Mental Capacity to Make a Will

A Will Can be Set Aside and Disregarded if a Court Finds that the Maker Lacked Testamentary Capacity

PRESUMPTION OF CAPACITY

Doctor & PatientCalifornia law presumes that everyone has the mental capacity to make a will.  Thus, if someone challenges a will in probate court for lack of mental capacity it is up to the challenger to prove lack of capacity with sufficient evidence.

CAPACITY TO MAKE A VALID WILL

A person must be at least 18 years old and of sound mind to make a will. A person is not mentally competent to make a will if at the time of making the will (i) he or she does not understand the nature of the testamentary act, (ii) does not understand and recollect the nature and situation of his or her property, (iii) and does not remember or understand his or her relations to living descendants, spouse, parents, and those whose interests are affected by the will.  Also a person is not mentally competent to make a will if he or she suffers from a mental disorder with symptoms including delusions or hallucinations, which result in his or her devising property in the will in a way which except for the existence of the delusions or hallucinations he or she would not have done.

CHALLENGING THE VALIDITY OF A WILL

CHALLENGING THE VALIDITY OF A WILL

California law provides for three methods of contesting a will on grounds of lack of capacity. The location for decision is the probate court. The starting point of a probate proceeding is for an interested person, typically the named executor, to file the will with the court as part of a petition to probate the will and the estate. Un- less there are timely objections, the will is admitted to probate and the right to challenge will be lost. The first method to contest the will would be to file an objection to the petition for probate before it comes up for hearing. The second method would be to file a petition to revoke the probate within 120 days after the will is admitted to probate.  The last way which is seldom used is to file a complaint in intervention.  There are many technical rules and time deadlines involving will contests so you will need to consult with skilled legal counsel to make a valid challenge.

LEGAL EFFECT IF IT IS PROVEN THAT THE WILL MAKER LACKED CAPACITY

Proven lack of mental capacity makes a will void and invalid. The instructions for distribution in the will would then be disregarded.

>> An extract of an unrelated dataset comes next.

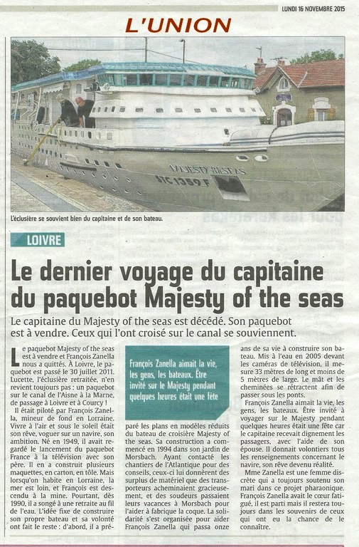 Le Majesty Of The Seas est la célèbre réplique du paquebot de croisière d'une compagnie américaine. Il est à l'échelle 1/8ème et à été construit en Lorraine, en 11 années par M. ZANELLA François, ancien mineur de charbon. Le bateau fait 160m² habitable répartit sur 2 niveaux + 60m² de terrasse.

The consequence of a will being invalid is that the deceased person’s money and property will be distributed according to the laws of “intestate succession”.  Those laws provide guidelines for distribution. For example, if a person dies with a surviving spouse and no children, then the spouse receives the entire estate. If a person dies with a surviving spouse and one child then the estate is split 50-50. If there is more than one child then the estate is divided one third to the surviving spouse and two thirds amongst all the children. Sometimes children who are not mentioned in the will or are given a lesser share than they think they deserve will bring a will contest petition in the probate court.  The point of the will contest petition would be to have the will declared invalid so they could get a larger share.

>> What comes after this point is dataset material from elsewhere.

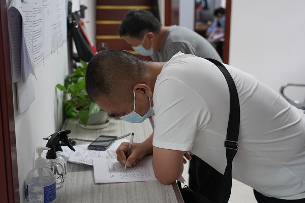 "請填寫(xiě)一下臨停申請表,請,慢走!"工作人員有條不紊的接待用戶(hù),不時(shí)為用戶(hù)解答著(zhù)問(wèn)題。

COMPARE THE CAPACITY TO MAKE A TRUST

Generally speaking, the legal rules to prove that a person is competent enough to execute a will are not as stringent as competency to execute a trust. A trust is considered a contract and the law has higher standards for capacity to make contracts.  That capacity means that a person has the ability to communicate verbally or by any other means and to understand and appreciate (i) the rights, duties, and responsibilities created by or affected by the trust; (ii) the probable consequences for the decision-maker and the persons affected by the decision; and (iii) the significant risks, benefits, and reasonable alternatives involved in the decision.

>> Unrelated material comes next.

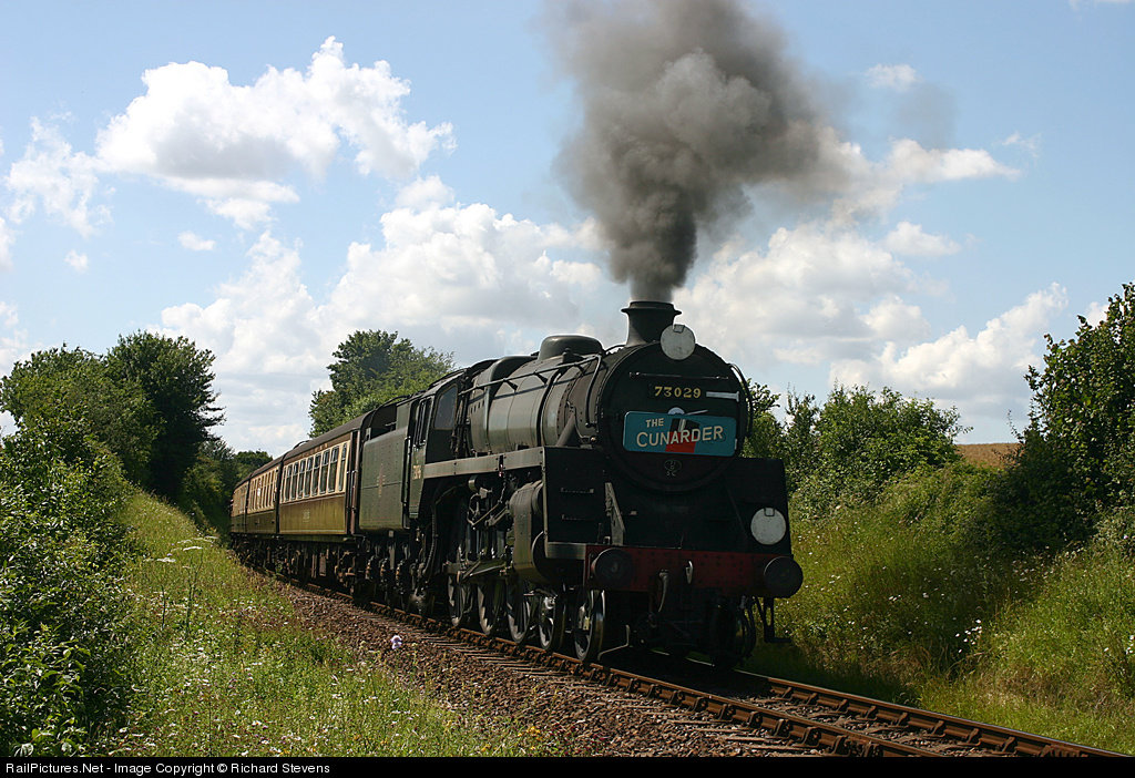 | Recreating a Southampton Docks Boat Train, Standard Class 5 73096, with dummy 73029 numberplate, approaches Ropley on the Mid Hants Railway. |

CALL  (949) 851-1771  to speak with Lawyer  David L. Crockett

PROOF OF CAPACITY PRIOR TO MAKING A WILL OR TRUST

If a person wanting to make a will or trust has questionable mental capacity, it is advisable to have that person tested by a licensed mental health professional. The mental health professional will then make a report and/or fill out a court form having to do with capacity as a backup to the attorneys file.  If the report indicates the person does have the proper legal capacity, then that is good evidence to have available to defend against a will contest or trust contest case.  If the person lacks capacity then there are other legal alternatives to still make a will and to make a trust to avoid probate.  The other legal alternatives are more involved but may still be preferable to having to face a will contest proceeding.